* _Assigned task_
Please transcribe only the lines between the one containing "저희는 강가 바로 앞에" and the end of the records, both ends included, exactly as written; skip every picture.

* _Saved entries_
-=-=-=-=-
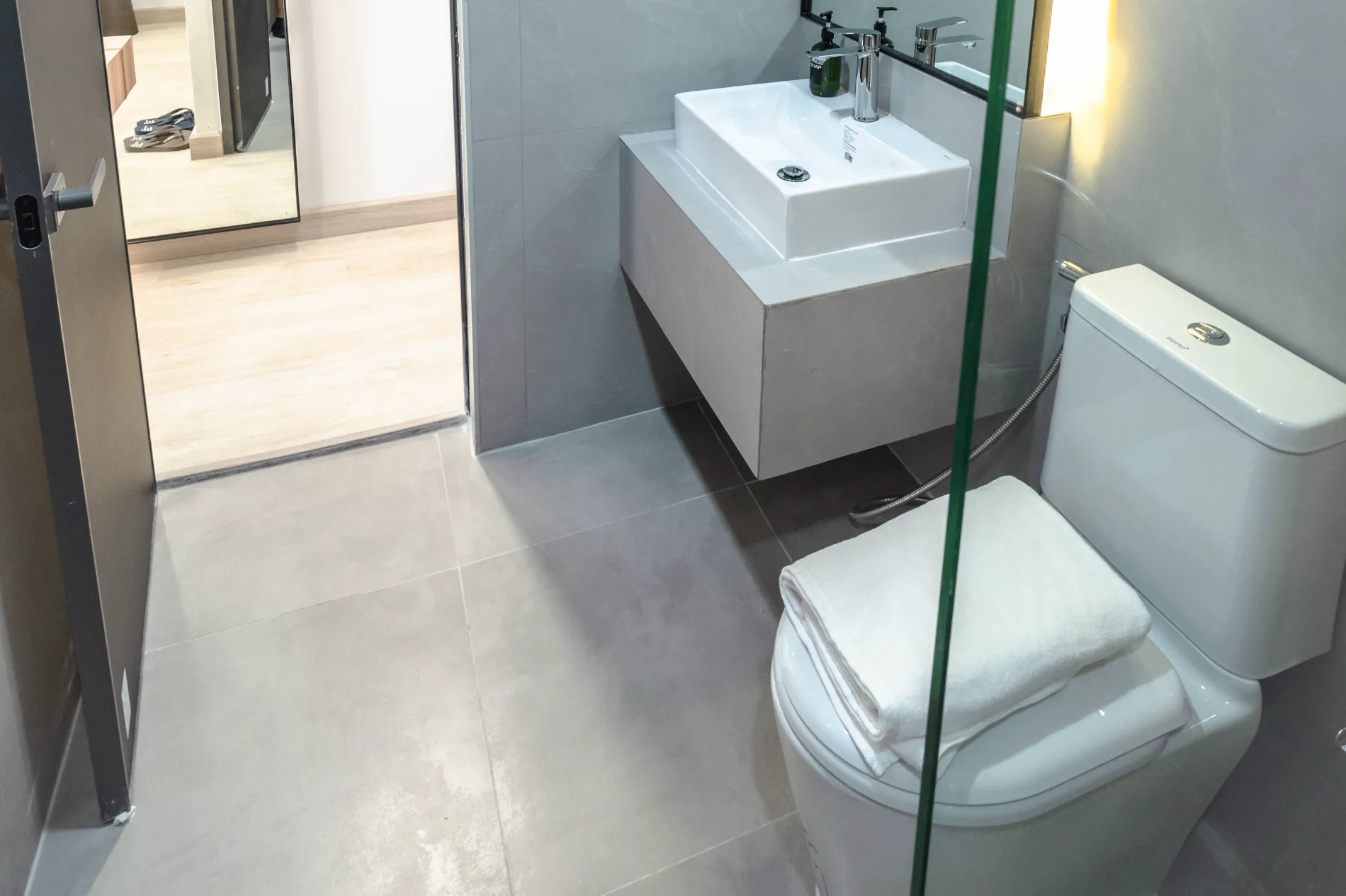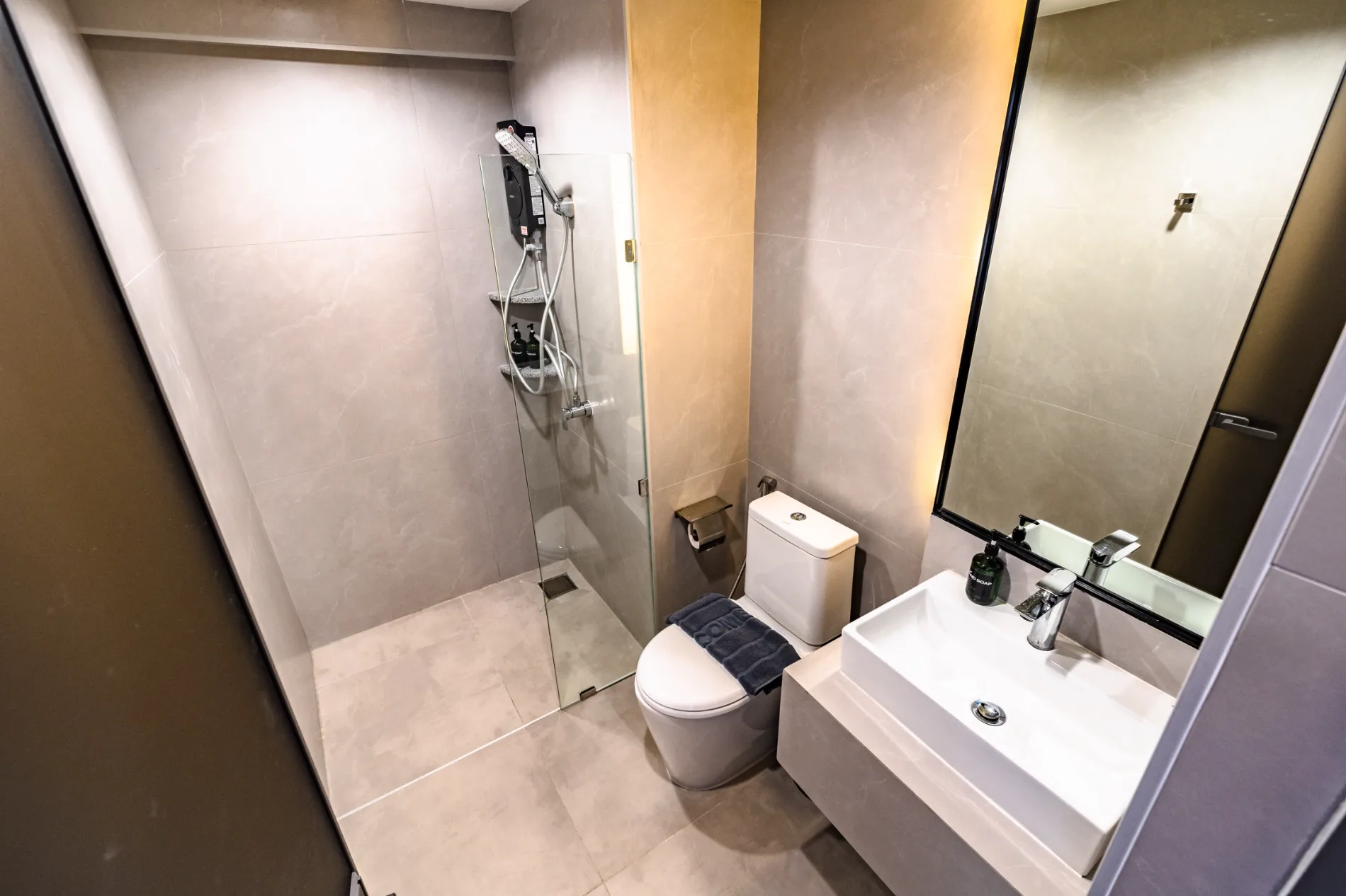 Amenities: Free toiletries (soap, shampoo, dental kit, cotton buds, shower cap), hand soap, and reusable slippers.
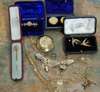 to include a cased stickpin, with half-pearl and diamond set crescent shaped terminal; a cased bar brooch applied with two swallows with ruby cabochon set eyes to a knife bar; another cased bar brooch set with seed pearls; a cased pair of monogrammed dress buttons; assorted chains, bar brooches and other pieces, contained in a green leather jewellery box (Qty)
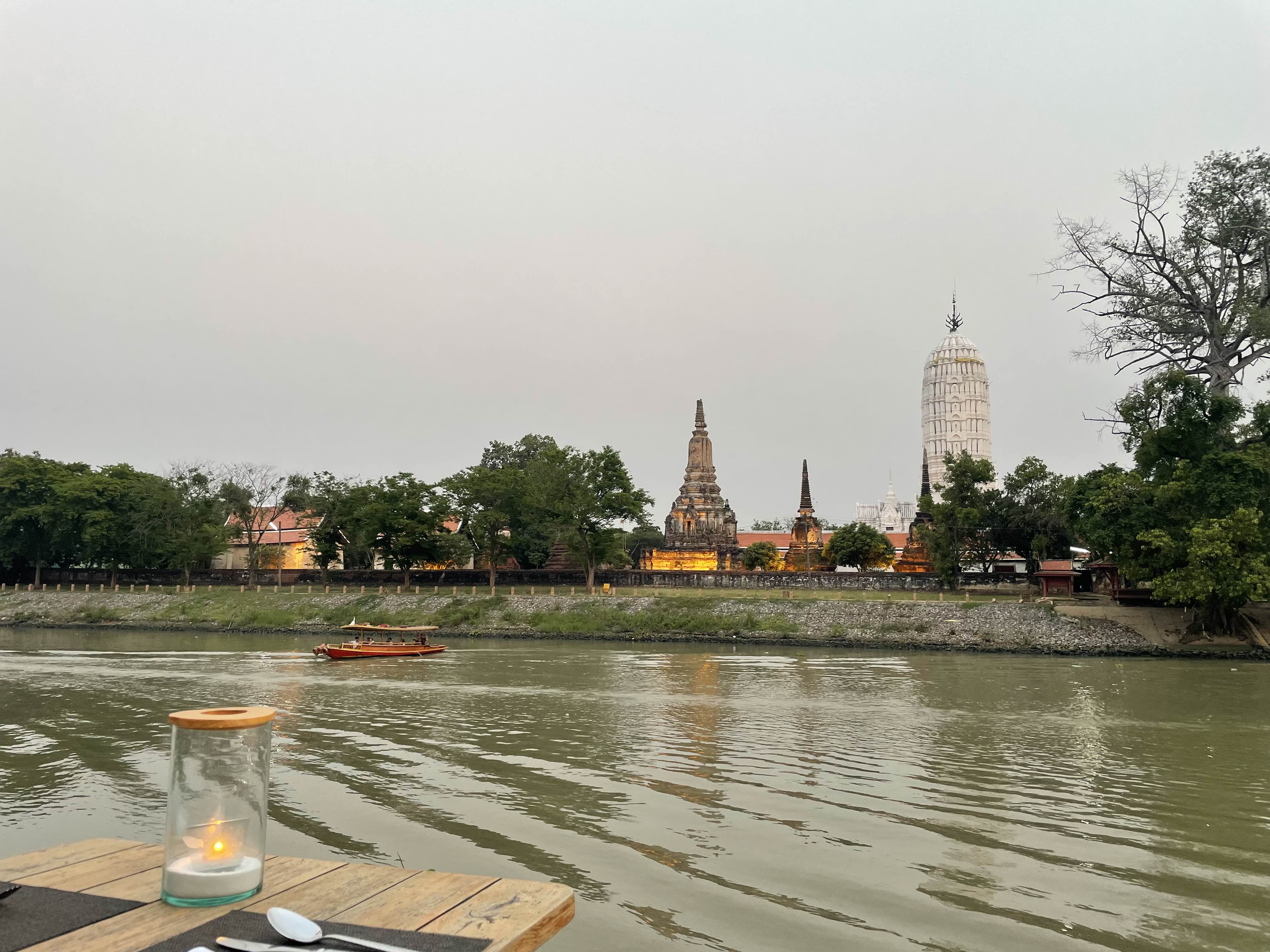 저희는 강가 바로 앞에 있는 살라아유타야이터리앤바 sala ayuttaya eatery and bar 와 빙빙 돌아 올라가면 옥상에 있는 루프탑라운지앤바 rooftop lounge and bar를 이용했는데 사진찍으며 식사하거나 음료 마시기에 나쁘진 않았어요. 역시나 사진에 안 보이는……뭐 그렇지만 잠시 들르는 거닌까 이 정도는 뭐~ 특히나 강가 옆 이터리앤바에 앉아 강바람 맞으며 식사하는 건 기분전환하기엔 더없이 좋았어요. 구글에 음식후기가 별로 안 좋길래 기대를 하지 않아서 그런가 전 음식맛도 괜찮았어요. 그리고 음식가격엔 자릿세도 포함해야하니 가격도 그 정도면 허용가능한 정도였어요.
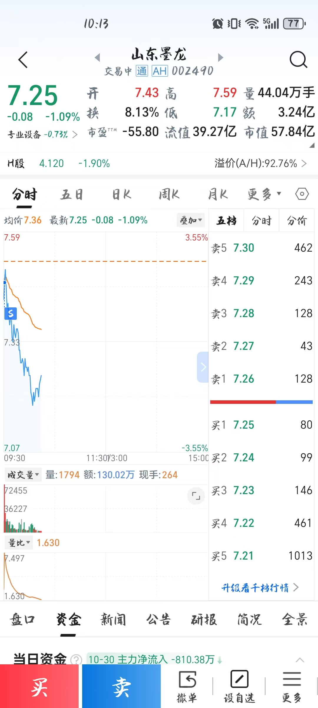 周一买500股,周二买1000股,周三买2000股,今天开盘挂7.58顺利走了,
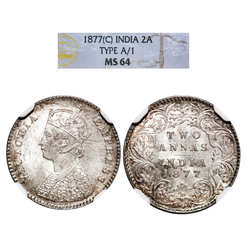 Victoria Empress, Silver, 2 Annas, 1877, Calcutta Mint, A/I, No mint mark. F. Prid 491. GK 748. NGC Slab MS 64. Very Rare.
-=-=-=-=-
* _Answer to this task_
 저희는 강가 바로 앞에 있는 살라아유타야이터리앤바 sala ayuttaya eatery and bar 와 빙빙 돌아 올라가면 옥상에 있는 루프탑라운지앤바 rooftop lounge and bar를 이용했는데 사진찍으며 식사하거나 음료 마시기에 나쁘진 않았어요. 역시나 사진에 안 보이는……뭐 그렇지만 잠시 들르는 거닌까 이 정도는 뭐~ 특히나 강가 옆 이터리앤바에 앉아 강바람 맞으며 식사하는 건 기분전환하기엔 더없이 좋았어요. 구글에 음식후기가 별로 안 좋길래 기대를 하지 않아서 그런가 전 음식맛도 괜찮았어요. 그리고 음식가격엔 자릿세도 포함해야하니 가격도 그 정도면 허용가능한 정도였어요.
 周一买500股,周二买1000股,周三买2000股,今天开盘挂7.58顺利走了,
 Victoria Empress, Silver, 2 Annas, 1877, Calcutta Mint, A/I, No mint mark. F. Prid 491. GK 748. NGC Slab MS 64. Very Rare.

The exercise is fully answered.